▸ EXTRACTED RECORDS:
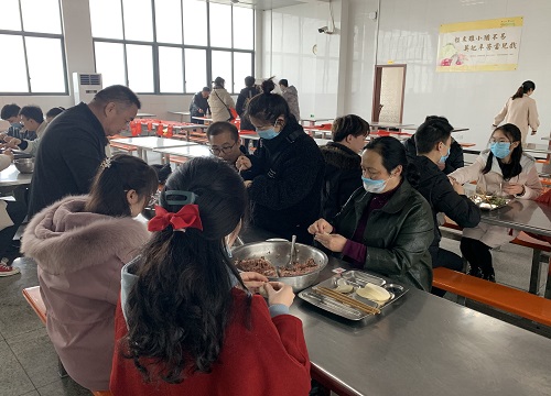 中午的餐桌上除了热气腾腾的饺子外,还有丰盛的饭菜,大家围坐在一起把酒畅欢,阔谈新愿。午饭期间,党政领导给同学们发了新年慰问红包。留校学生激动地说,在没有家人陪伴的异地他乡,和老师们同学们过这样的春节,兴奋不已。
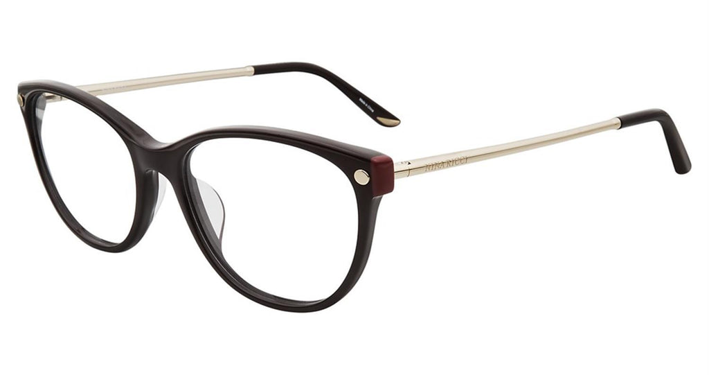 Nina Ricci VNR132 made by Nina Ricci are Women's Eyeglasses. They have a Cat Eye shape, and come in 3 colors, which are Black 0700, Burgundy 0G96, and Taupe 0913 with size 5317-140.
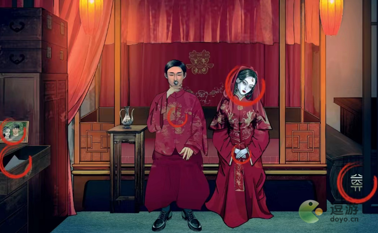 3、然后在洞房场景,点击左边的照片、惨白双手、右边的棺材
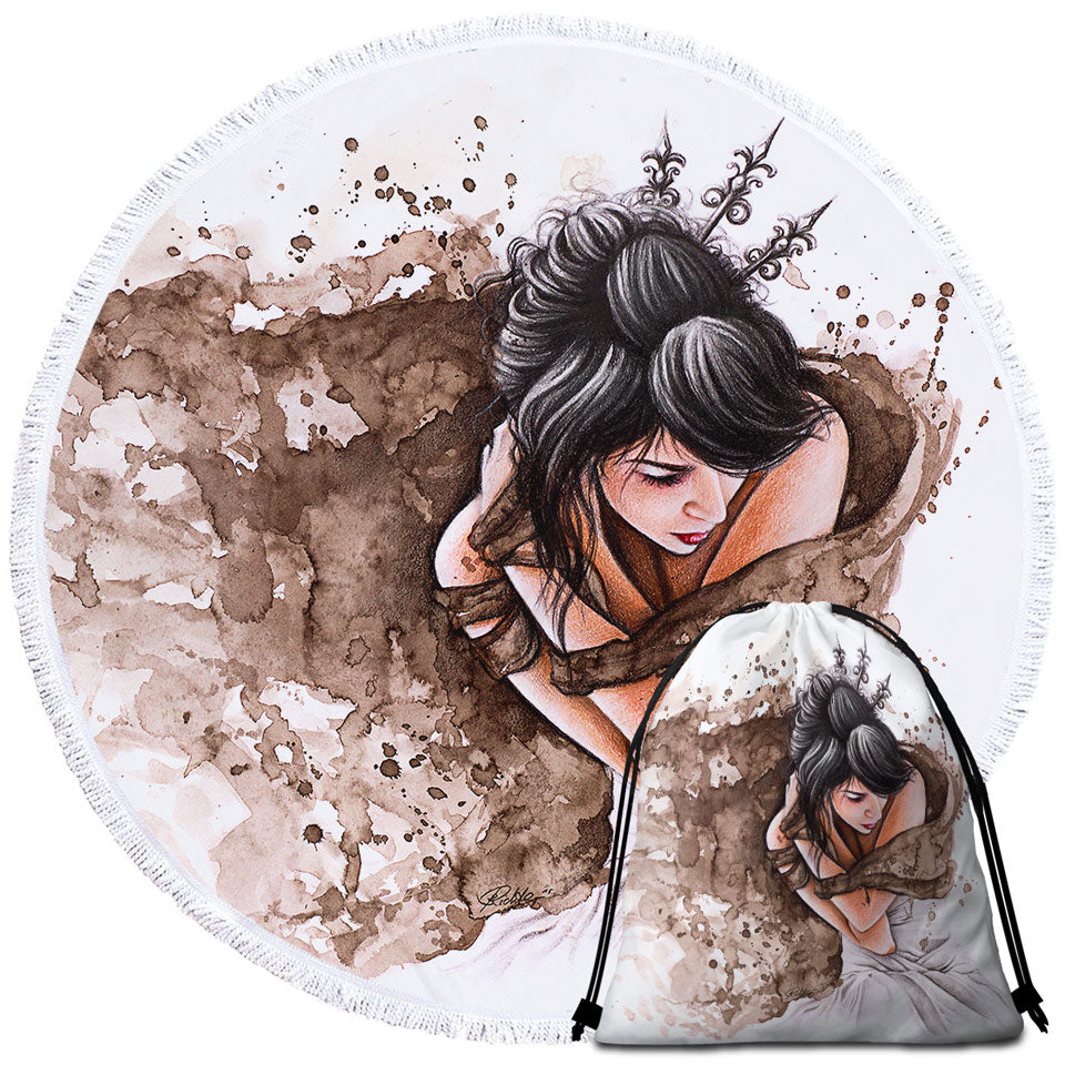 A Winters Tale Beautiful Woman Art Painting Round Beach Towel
* * *
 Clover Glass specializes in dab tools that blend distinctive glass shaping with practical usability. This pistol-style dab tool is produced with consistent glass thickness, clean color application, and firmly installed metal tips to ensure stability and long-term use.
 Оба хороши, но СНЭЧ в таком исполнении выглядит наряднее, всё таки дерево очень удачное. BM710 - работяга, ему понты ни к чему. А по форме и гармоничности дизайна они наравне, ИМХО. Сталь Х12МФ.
--
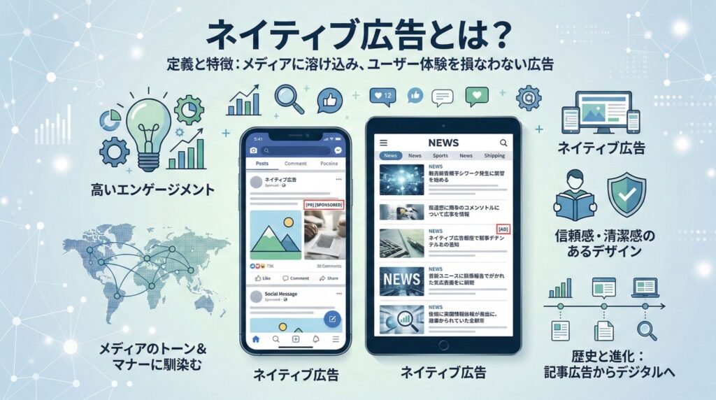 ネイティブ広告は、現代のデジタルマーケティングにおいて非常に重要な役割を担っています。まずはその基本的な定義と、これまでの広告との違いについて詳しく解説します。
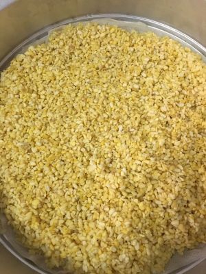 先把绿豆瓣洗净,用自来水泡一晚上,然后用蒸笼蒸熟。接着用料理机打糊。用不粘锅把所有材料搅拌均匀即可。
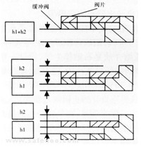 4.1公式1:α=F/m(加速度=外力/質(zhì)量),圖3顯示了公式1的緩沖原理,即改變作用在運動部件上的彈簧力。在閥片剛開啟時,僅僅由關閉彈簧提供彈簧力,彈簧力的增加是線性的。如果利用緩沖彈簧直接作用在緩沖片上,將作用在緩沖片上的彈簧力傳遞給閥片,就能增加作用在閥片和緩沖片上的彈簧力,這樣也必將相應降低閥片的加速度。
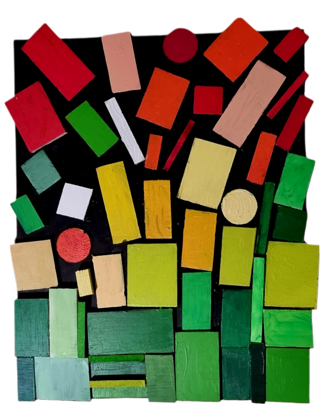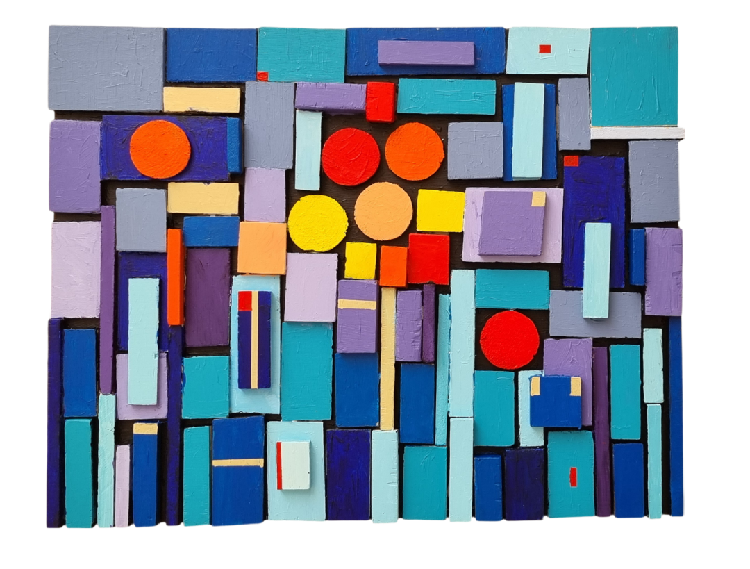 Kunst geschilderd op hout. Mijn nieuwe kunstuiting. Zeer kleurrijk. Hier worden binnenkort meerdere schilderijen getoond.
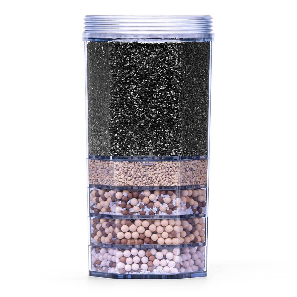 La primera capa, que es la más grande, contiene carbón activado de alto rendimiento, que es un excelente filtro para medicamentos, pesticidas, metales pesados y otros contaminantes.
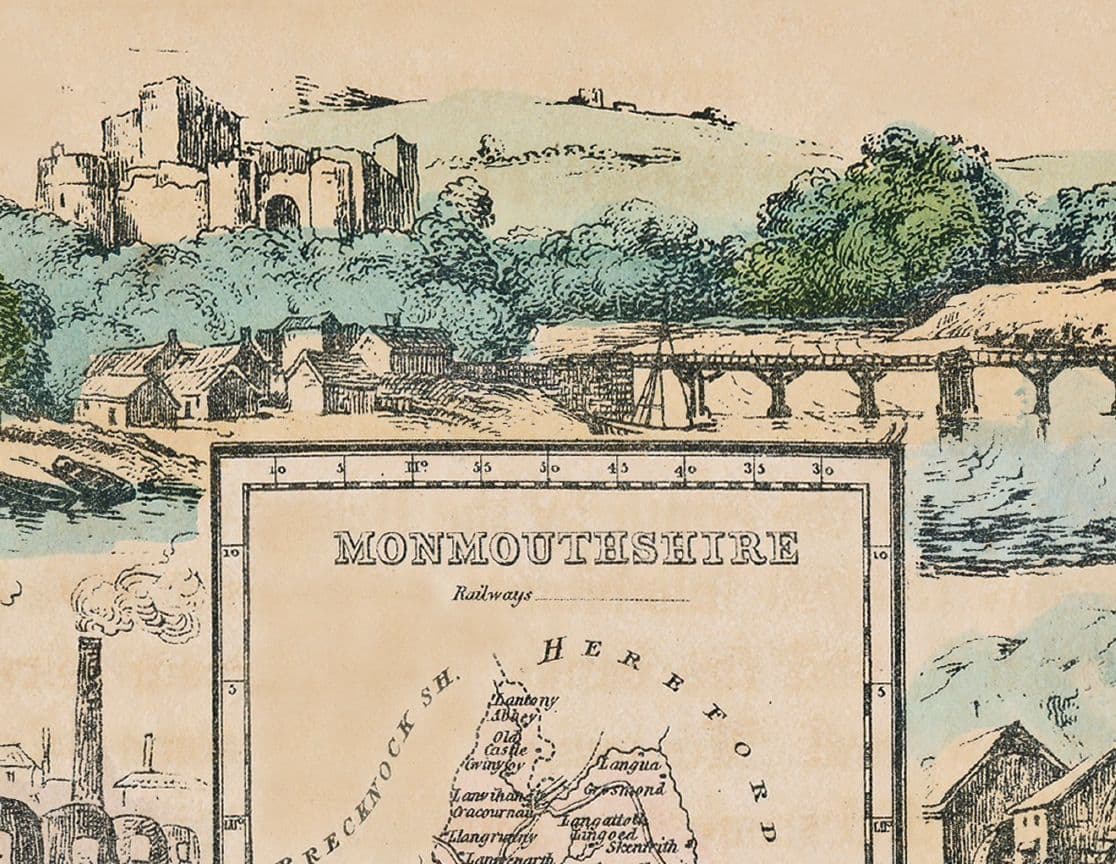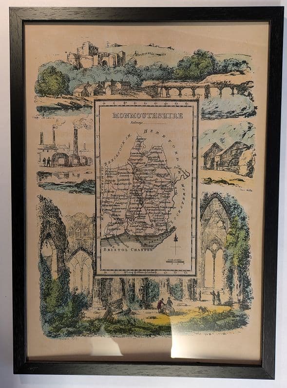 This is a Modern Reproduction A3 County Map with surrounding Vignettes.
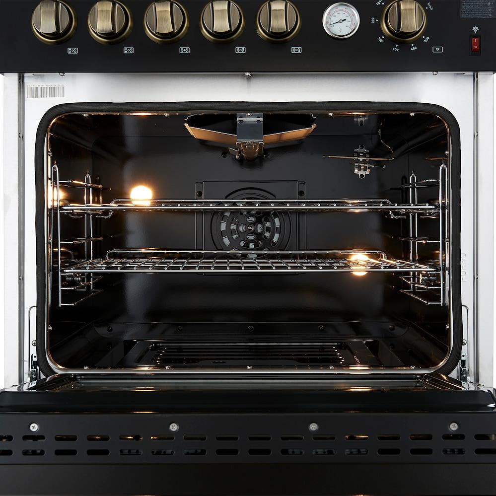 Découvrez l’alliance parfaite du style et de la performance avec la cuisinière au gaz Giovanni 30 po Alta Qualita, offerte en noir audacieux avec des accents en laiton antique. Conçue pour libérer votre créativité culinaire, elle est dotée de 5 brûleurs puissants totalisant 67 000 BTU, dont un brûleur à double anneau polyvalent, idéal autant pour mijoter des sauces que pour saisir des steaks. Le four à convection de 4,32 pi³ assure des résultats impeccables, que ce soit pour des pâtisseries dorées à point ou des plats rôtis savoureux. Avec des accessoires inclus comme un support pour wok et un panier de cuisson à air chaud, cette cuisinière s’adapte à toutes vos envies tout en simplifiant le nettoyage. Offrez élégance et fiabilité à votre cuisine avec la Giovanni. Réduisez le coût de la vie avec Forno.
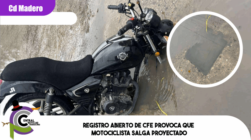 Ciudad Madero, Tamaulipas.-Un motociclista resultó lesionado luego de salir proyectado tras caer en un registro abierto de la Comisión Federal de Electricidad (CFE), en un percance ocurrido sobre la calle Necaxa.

▸ TASK DIRECTIONS: Only one part of the material above is wanted: the lines from the one with "中午的餐桌上除了热气腾腾的饺" up to and including the one with "A Winters Tale". Please copy them exactly, pictures left out.

▸ SOLVED EXERCISE:
 中午的餐桌上除了热气腾腾的饺子外,还有丰盛的饭菜,大家围坐在一起把酒畅欢,阔谈新愿。午饭期间,党政领导给同学们发了新年慰问红包。留校学生激动地说,在没有家人陪伴的异地他乡,和老师们同学们过这样的春节,兴奋不已。
 Nina Ricci VNR132 made by Nina Ricci are Women's Eyeglasses. They have a Cat Eye shape, and come in 3 colors, which are Black 0700, Burgundy 0G96, and Taupe 0913 with size 5317-140.
 3、然后在洞房场景,点击左边的照片、惨白双手、右边的棺材
 A Winters Tale Beautiful Woman Art Painting Round Beach Towel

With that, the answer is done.